● DATASET RECORDS
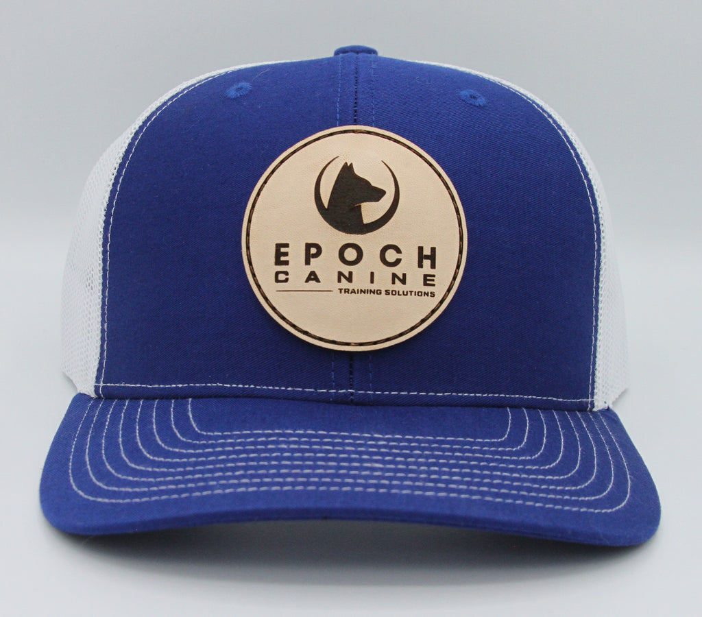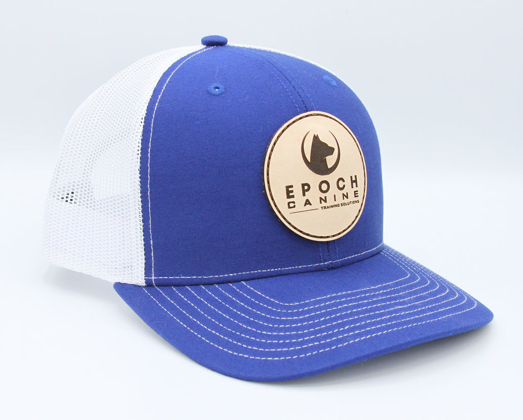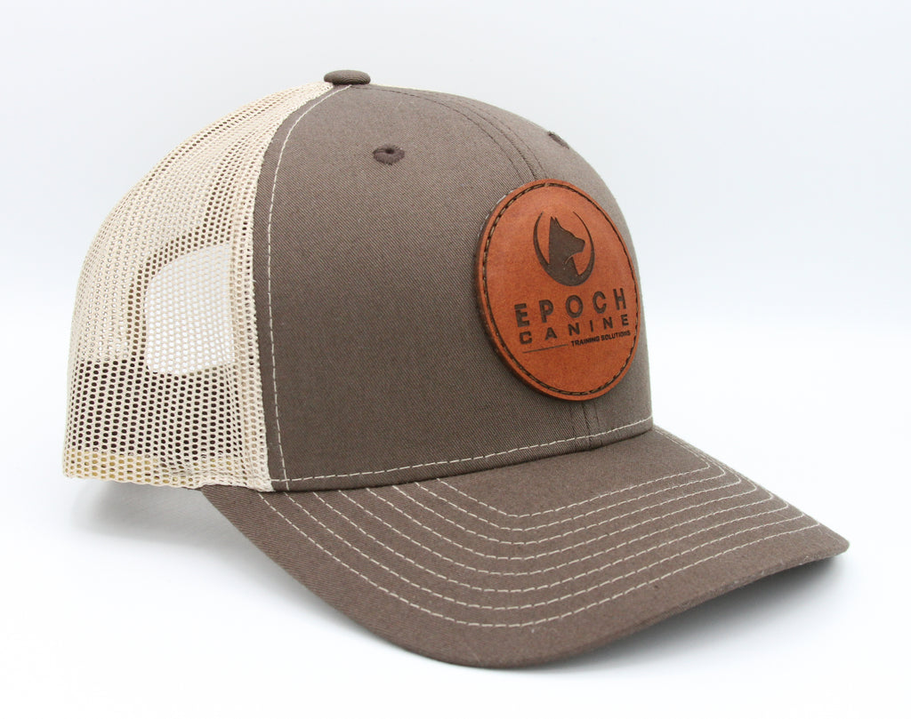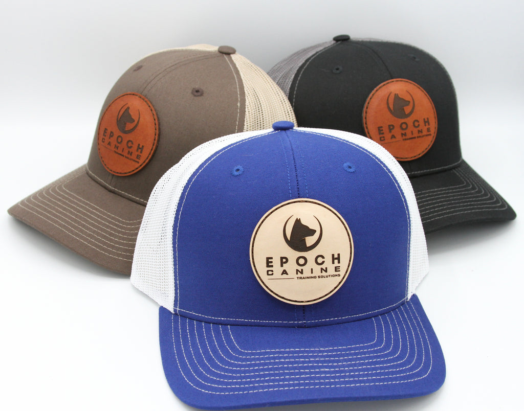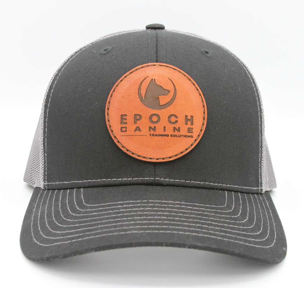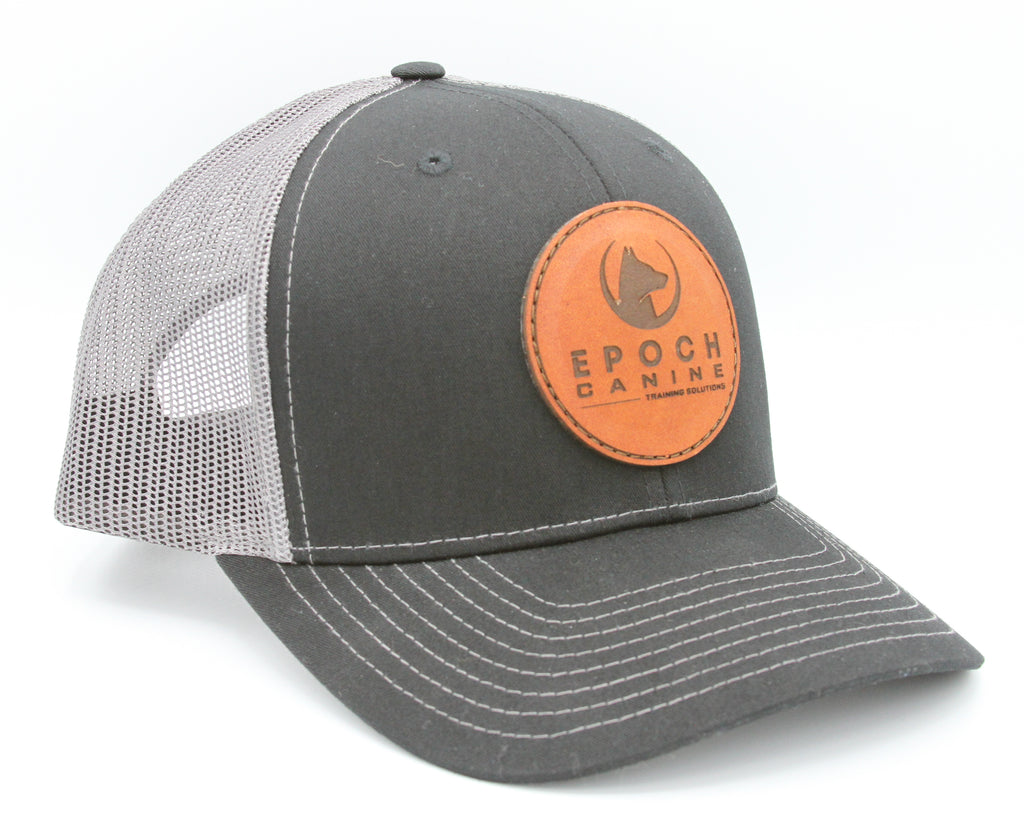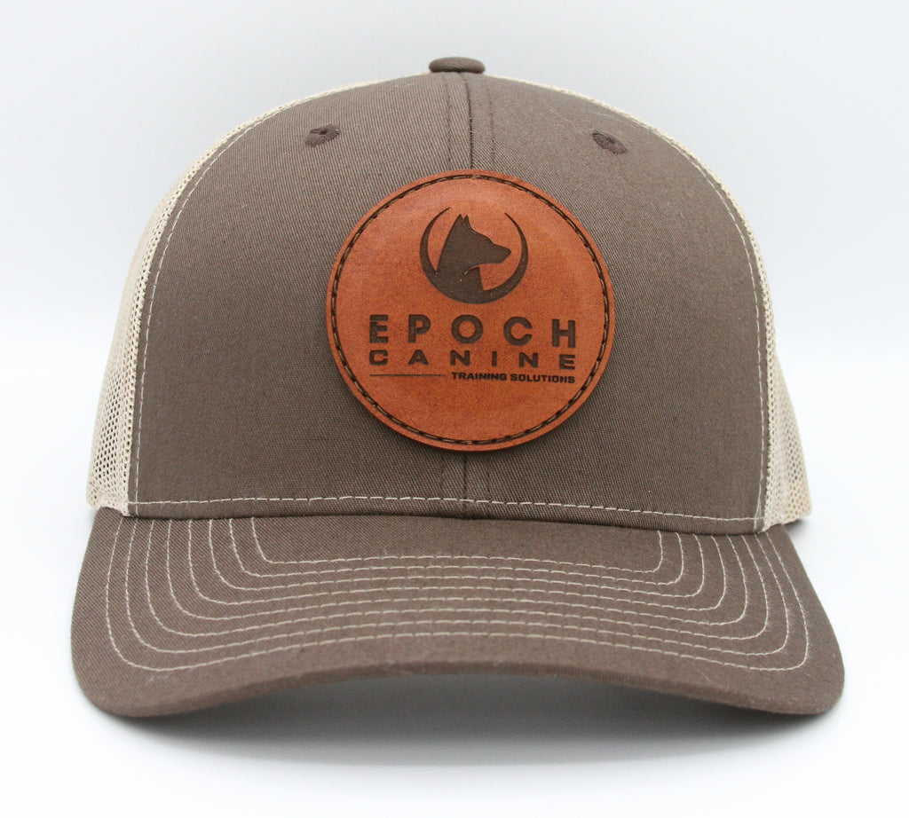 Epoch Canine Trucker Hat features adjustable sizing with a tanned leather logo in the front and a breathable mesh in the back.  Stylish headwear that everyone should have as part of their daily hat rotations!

--

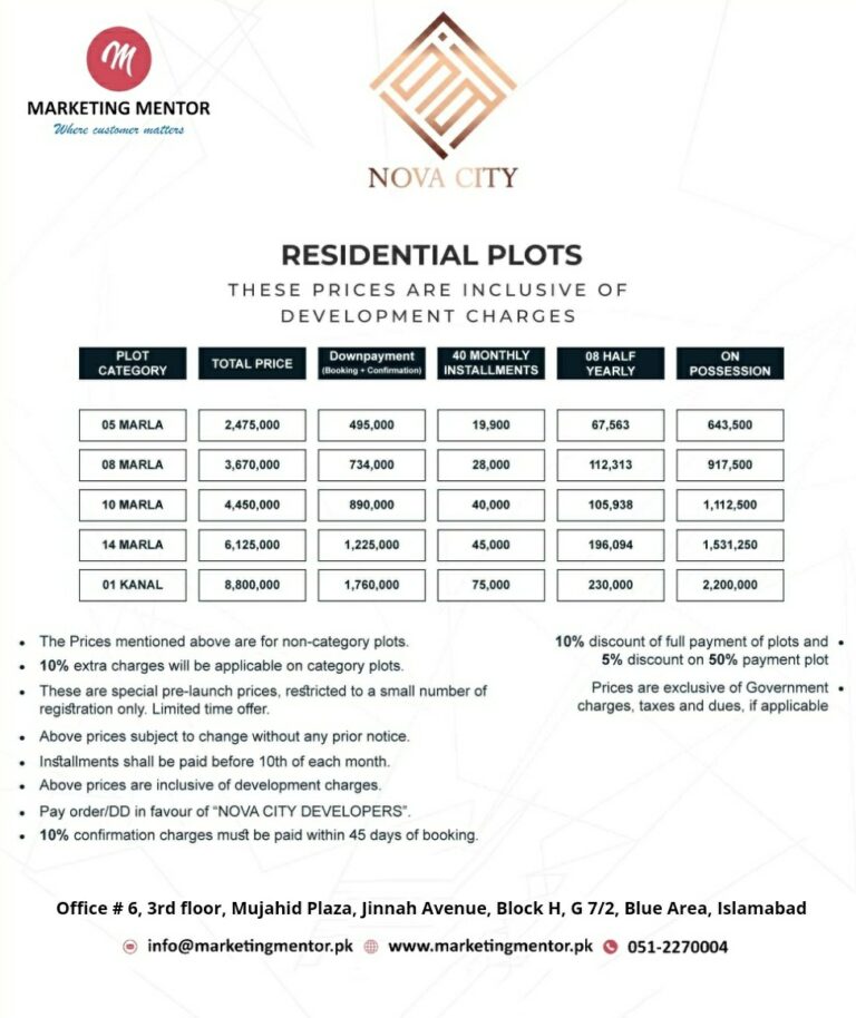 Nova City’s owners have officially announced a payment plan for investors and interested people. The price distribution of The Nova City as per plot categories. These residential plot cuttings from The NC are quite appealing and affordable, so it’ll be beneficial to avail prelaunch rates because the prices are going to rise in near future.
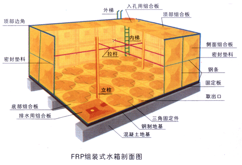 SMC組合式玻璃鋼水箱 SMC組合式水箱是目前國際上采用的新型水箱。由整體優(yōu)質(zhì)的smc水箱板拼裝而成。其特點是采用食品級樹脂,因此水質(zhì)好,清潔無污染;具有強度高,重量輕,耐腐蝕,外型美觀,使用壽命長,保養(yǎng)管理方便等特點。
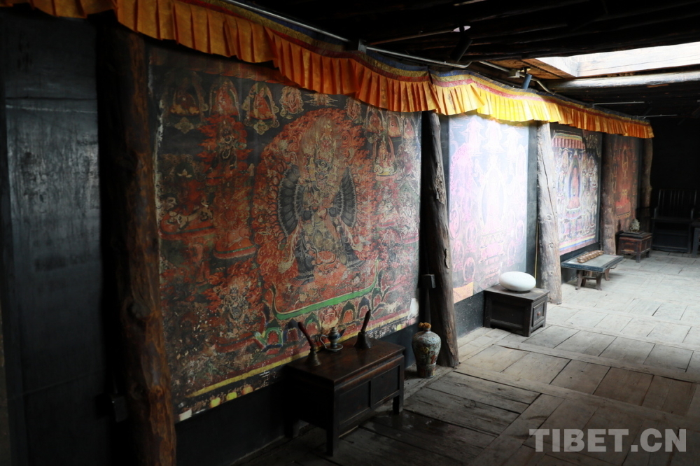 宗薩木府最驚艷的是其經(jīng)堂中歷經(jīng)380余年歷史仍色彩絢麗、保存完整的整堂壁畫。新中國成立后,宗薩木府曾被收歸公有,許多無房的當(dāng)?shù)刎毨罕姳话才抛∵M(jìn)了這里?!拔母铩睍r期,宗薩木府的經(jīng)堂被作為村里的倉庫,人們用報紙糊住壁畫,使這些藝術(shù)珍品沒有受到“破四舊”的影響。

...

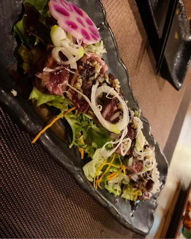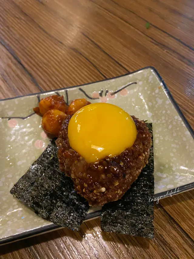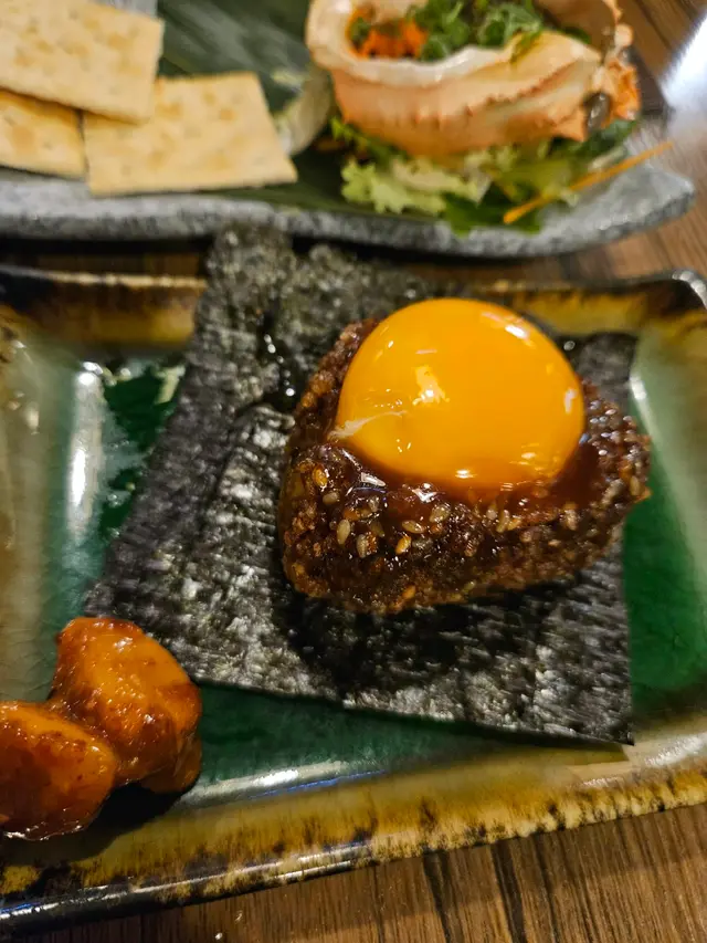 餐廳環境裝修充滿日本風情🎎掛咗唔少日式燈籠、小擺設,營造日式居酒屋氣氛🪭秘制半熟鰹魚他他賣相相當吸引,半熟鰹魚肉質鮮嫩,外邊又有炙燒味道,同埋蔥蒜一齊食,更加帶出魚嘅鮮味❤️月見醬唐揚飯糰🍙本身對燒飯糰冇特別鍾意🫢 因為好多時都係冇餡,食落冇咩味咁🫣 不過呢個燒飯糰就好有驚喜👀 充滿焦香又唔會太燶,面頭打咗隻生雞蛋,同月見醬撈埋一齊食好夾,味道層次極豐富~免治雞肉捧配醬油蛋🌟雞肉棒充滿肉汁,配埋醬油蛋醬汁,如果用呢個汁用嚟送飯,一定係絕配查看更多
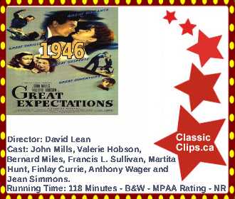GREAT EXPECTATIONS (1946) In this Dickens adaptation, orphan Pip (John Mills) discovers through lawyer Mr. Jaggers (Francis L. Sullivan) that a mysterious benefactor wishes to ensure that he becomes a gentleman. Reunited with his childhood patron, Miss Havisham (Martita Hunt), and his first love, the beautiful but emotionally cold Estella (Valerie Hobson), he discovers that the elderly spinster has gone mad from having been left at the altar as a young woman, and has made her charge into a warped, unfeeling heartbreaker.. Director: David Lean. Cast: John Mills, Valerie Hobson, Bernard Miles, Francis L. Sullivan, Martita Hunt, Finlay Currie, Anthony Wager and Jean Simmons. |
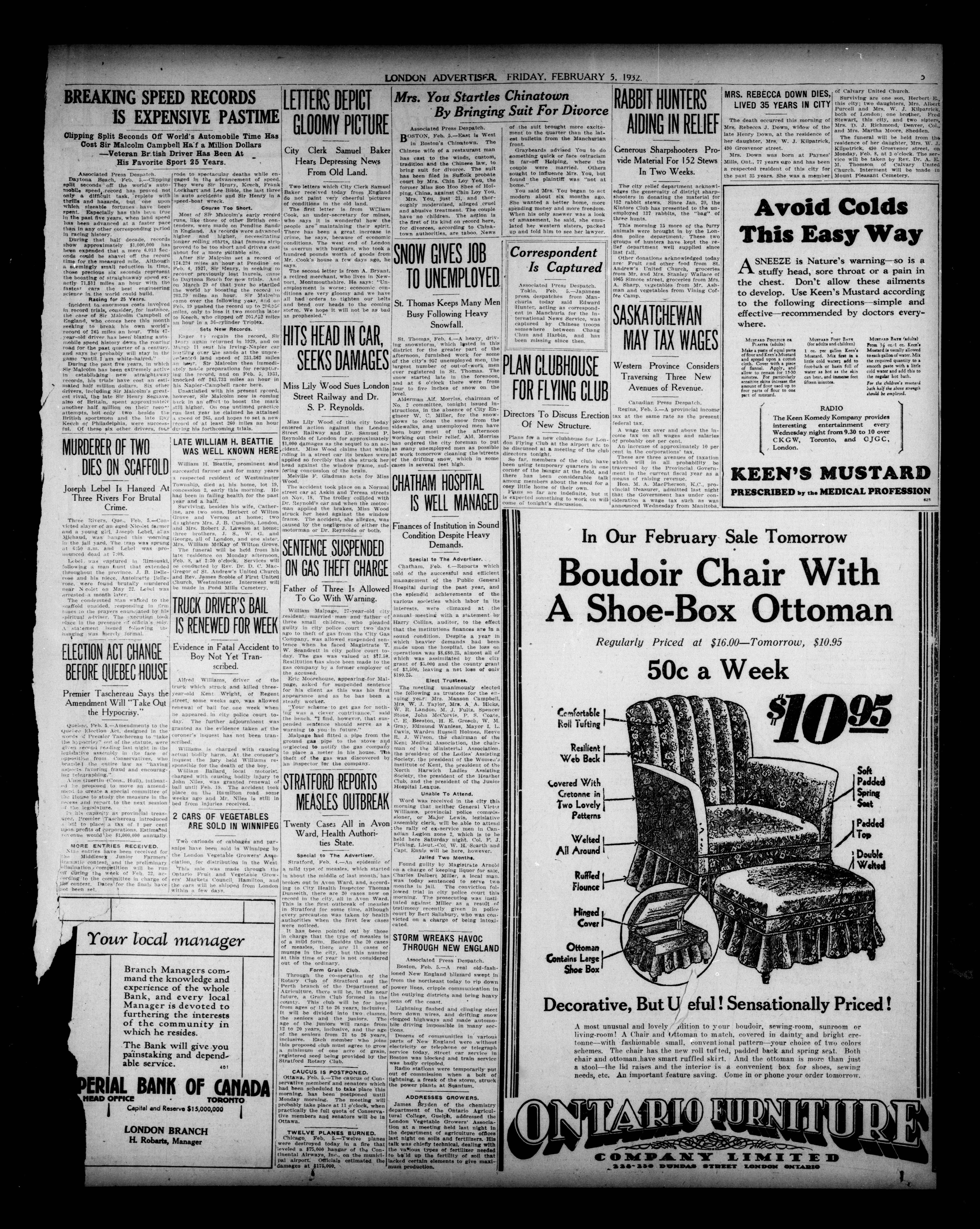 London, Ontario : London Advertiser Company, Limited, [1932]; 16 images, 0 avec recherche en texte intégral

● REQUIRED ACTION
Reproduce the data above exactly, but only from the line containing "Nova City’s owners" through the line containing "宗薩木府最驚艷的是其經(jī"; skip the pictures.

● EXPECTED ANSWER
 Nova City’s owners have officially announced a payment plan for investors and interested people. The price distribution of The Nova City as per plot categories. These residential plot cuttings from The NC are quite appealing and affordable, so it’ll be beneficial to avail prelaunch rates because the prices are going to rise in near future.
 SMC組合式玻璃鋼水箱 SMC組合式水箱是目前國際上采用的新型水箱。由整體優(yōu)質(zhì)的smc水箱板拼裝而成。其特點是采用食品級樹脂,因此水質(zhì)好,清潔無污染;具有強度高,重量輕,耐腐蝕,外型美觀,使用壽命長,保養(yǎng)管理方便等特點。
 宗薩木府最驚艷的是其經(jīng)堂中歷經(jīng)380余年歷史仍色彩絢麗、保存完整的整堂壁畫。新中國成立后,宗薩木府曾被收歸公有,許多無房的當(dāng)?shù)刎毨罕姳话才抛∵M(jìn)了這里?!拔母铩睍r期,宗薩木府的經(jīng)堂被作為村里的倉庫,人們用報紙糊住壁畫,使這些藝術(shù)珍品沒有受到“破四舊”的影響。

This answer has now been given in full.